▸ **Task brief**:
Restate the listing below word for word; no pictures belong in the copy.

▸ **Recorded information**:
********
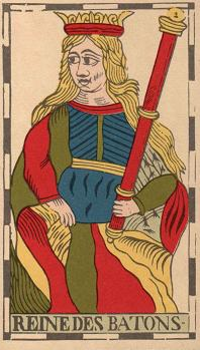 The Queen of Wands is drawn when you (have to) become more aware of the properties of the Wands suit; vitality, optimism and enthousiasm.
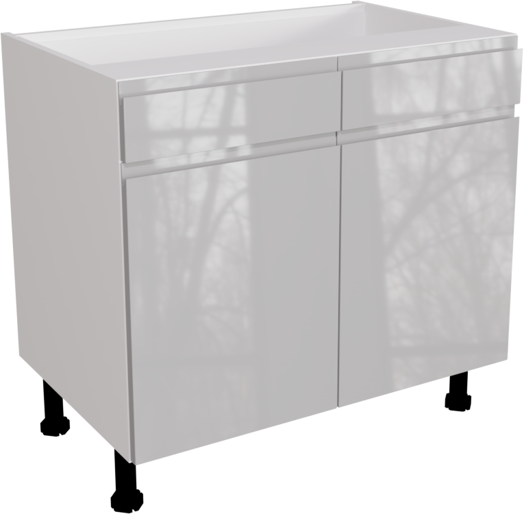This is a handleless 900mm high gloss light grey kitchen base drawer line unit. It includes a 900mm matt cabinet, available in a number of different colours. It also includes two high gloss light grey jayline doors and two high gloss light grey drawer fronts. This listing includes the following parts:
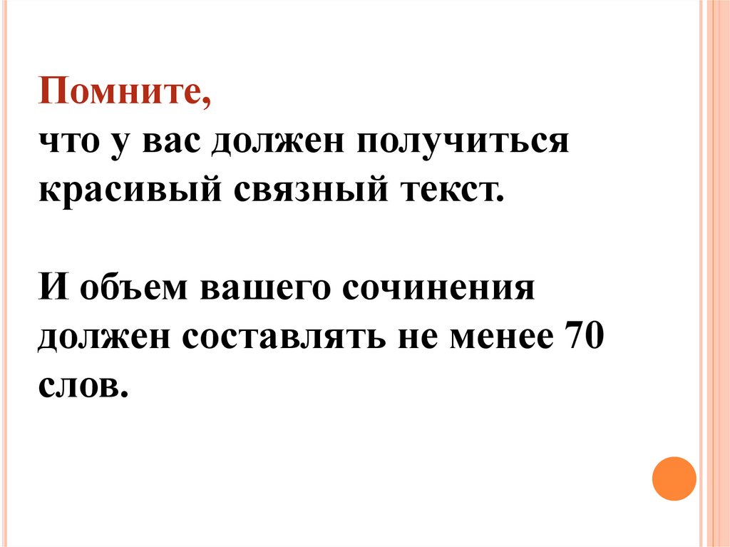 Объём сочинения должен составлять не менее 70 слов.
********
▸ **Response box**:
 The Queen of Wands is drawn when you (have to) become more aware of the properties of the Wands suit; vitality, optimism and enthousiasm.
This is a handleless 900mm high gloss light grey kitchen base drawer line unit. It includes a 900mm matt cabinet, available in a number of different colours. It also includes two high gloss light grey jayline doors and two high gloss light grey drawer fronts. This listing includes the following parts:
 Объём сочинения должен составлять не менее 70 слов.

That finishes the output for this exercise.